[Task]: Going through the data below, copy out each line where the word "from" shows up.

[Data to use]:
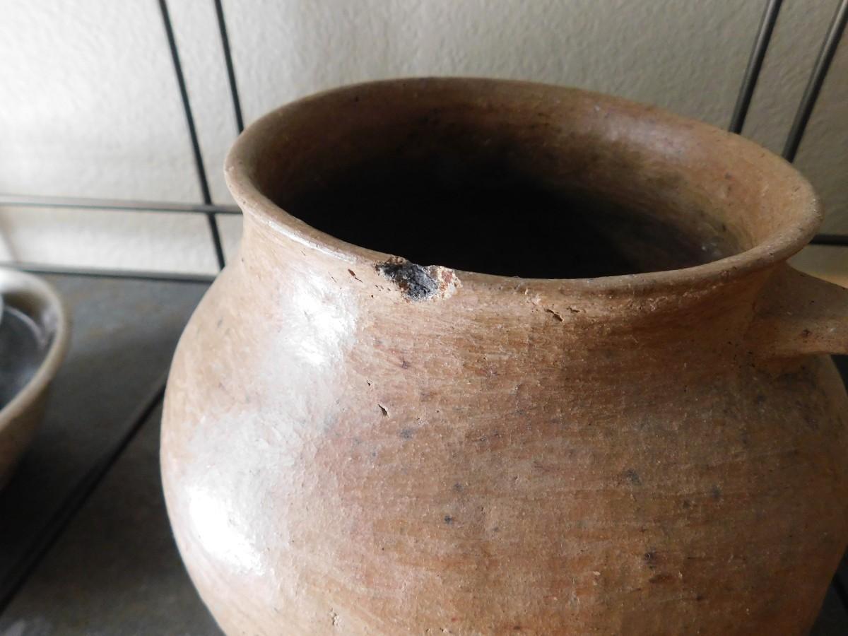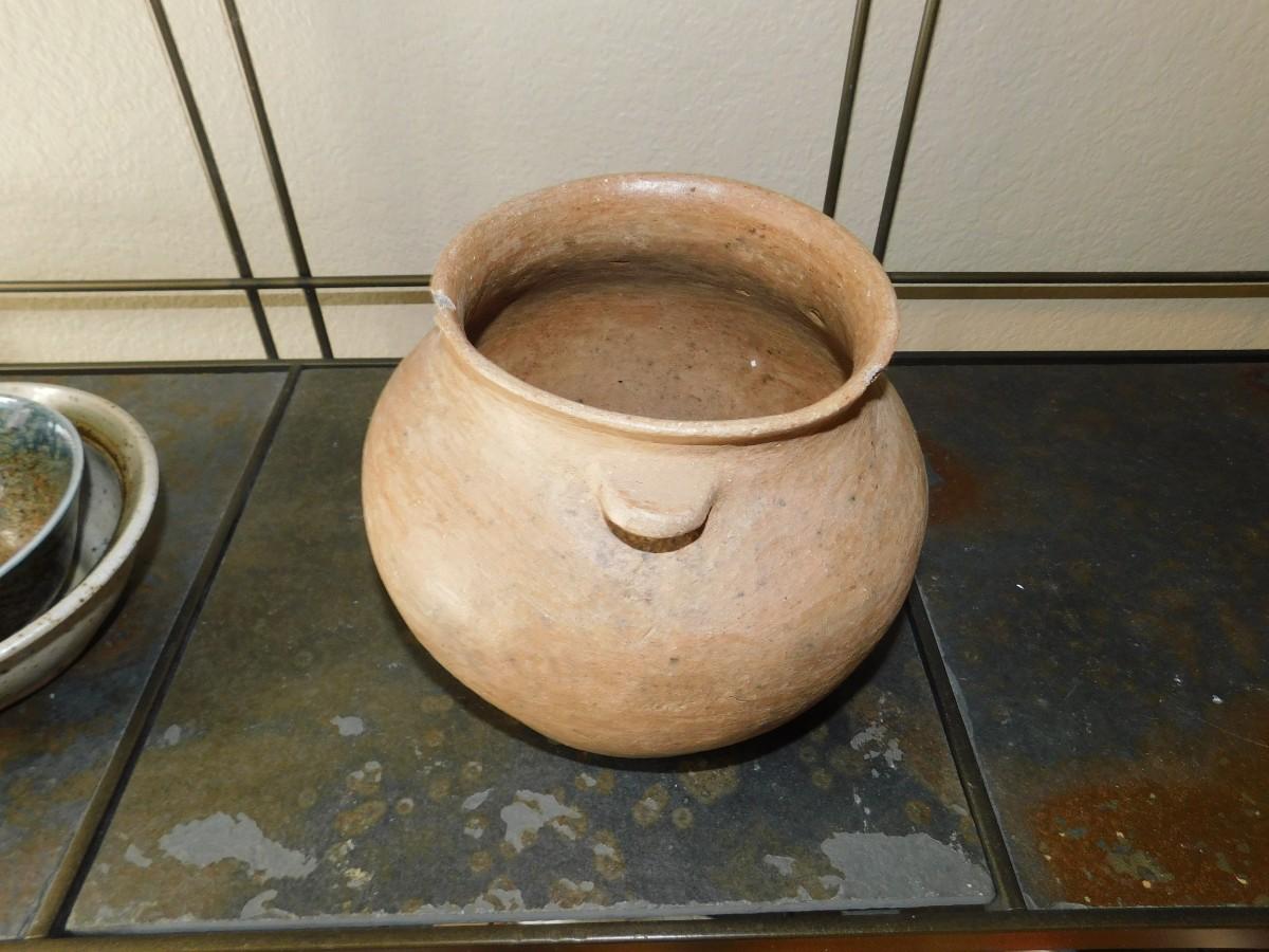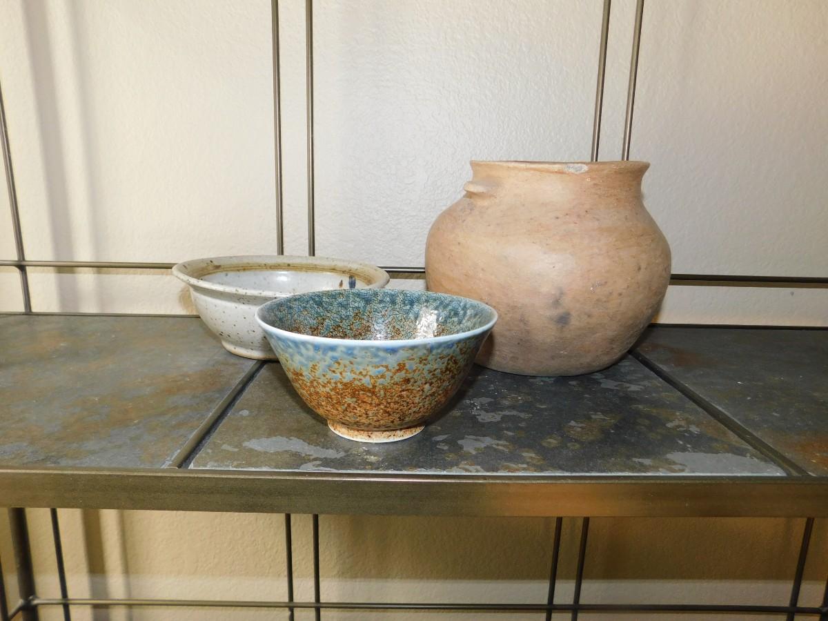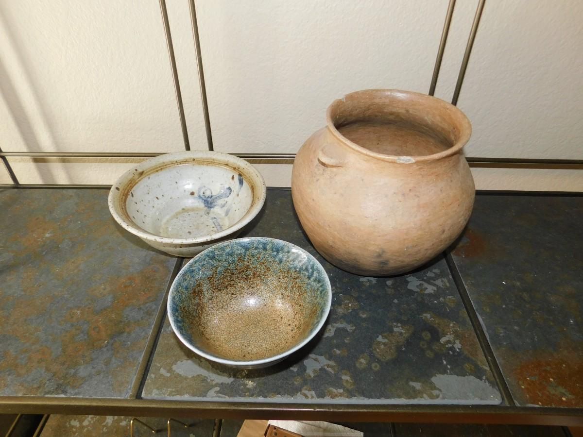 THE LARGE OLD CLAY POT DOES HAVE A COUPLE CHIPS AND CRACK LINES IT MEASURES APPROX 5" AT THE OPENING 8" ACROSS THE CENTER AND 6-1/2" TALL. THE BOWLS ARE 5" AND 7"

...

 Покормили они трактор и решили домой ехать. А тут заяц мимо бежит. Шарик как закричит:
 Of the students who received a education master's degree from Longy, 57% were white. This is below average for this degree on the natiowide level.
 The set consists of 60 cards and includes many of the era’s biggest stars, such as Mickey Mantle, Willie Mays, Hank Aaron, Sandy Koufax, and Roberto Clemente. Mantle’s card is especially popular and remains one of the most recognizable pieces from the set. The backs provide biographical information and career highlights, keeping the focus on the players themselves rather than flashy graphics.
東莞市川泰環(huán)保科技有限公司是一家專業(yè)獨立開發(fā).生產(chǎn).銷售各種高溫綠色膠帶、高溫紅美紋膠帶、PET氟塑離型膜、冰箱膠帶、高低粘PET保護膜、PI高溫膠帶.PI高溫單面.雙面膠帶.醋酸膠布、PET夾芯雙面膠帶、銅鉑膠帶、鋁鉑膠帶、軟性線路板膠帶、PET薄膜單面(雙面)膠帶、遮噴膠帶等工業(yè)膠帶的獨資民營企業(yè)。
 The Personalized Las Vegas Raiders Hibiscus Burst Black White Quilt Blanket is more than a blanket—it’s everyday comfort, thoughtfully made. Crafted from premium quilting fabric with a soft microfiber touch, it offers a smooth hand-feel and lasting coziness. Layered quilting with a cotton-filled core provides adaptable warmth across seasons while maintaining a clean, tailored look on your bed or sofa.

[Response to the exercise]:
 Of the students who received a education master's degree from Longy, 57% were white. This is below average for this degree on the natiowide level.
 The set consists of 60 cards and includes many of the era’s biggest stars, such as Mickey Mantle, Willie Mays, Hank Aaron, Sandy Koufax, and Roberto Clemente. Mantle’s card is especially popular and remains one of the most recognizable pieces from the set. The backs provide biographical information and career highlights, keeping the focus on the players themselves rather than flashy graphics.
 The Personalized Las Vegas Raiders Hibiscus Burst Black White Quilt Blanket is more than a blanket—it’s everyday comfort, thoughtfully made. Crafted from premium quilting fabric with a soft microfiber touch, it offers a smooth hand-feel and lasting coziness. Layered quilting with a cotton-filled core provides adaptable warmth across seasons while maintaining a clean, tailored look on your bed or sofa.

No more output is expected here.